─── Working data ───

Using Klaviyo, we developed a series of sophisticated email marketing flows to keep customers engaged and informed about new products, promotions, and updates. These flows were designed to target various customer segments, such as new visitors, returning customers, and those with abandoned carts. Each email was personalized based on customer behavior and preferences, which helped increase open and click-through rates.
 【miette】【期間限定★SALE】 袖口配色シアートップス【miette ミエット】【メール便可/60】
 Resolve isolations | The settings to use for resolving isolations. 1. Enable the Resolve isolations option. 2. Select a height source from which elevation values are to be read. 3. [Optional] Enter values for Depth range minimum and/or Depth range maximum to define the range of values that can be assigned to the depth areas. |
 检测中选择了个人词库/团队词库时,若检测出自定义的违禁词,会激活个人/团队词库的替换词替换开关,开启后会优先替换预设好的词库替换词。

───
─── Working data ───

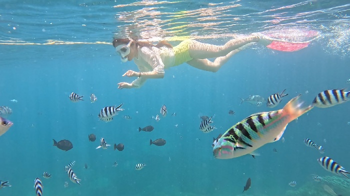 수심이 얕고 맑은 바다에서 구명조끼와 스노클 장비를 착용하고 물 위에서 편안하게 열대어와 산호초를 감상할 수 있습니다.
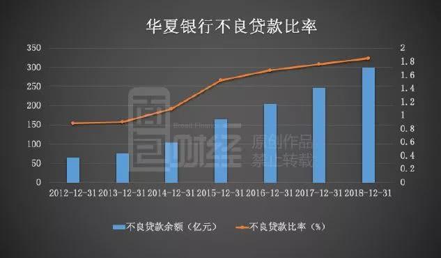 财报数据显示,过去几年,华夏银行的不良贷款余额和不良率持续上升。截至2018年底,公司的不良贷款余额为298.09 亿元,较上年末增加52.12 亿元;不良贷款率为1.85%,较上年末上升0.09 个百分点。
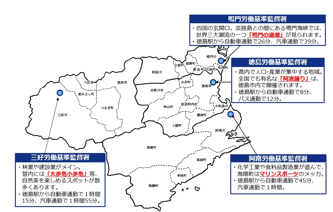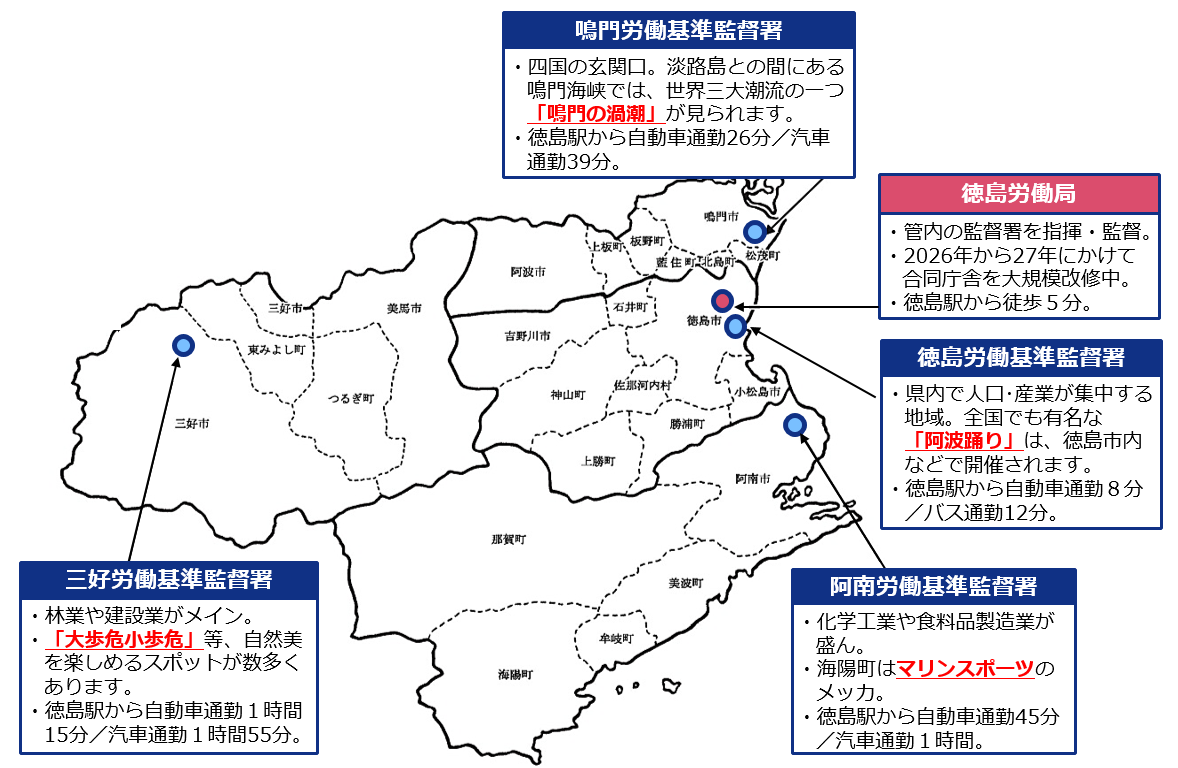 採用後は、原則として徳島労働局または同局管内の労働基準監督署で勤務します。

───

**Your assignment:** In the material above, how many lines include the string "which"? Please reply with the number only.

**Reply:** 2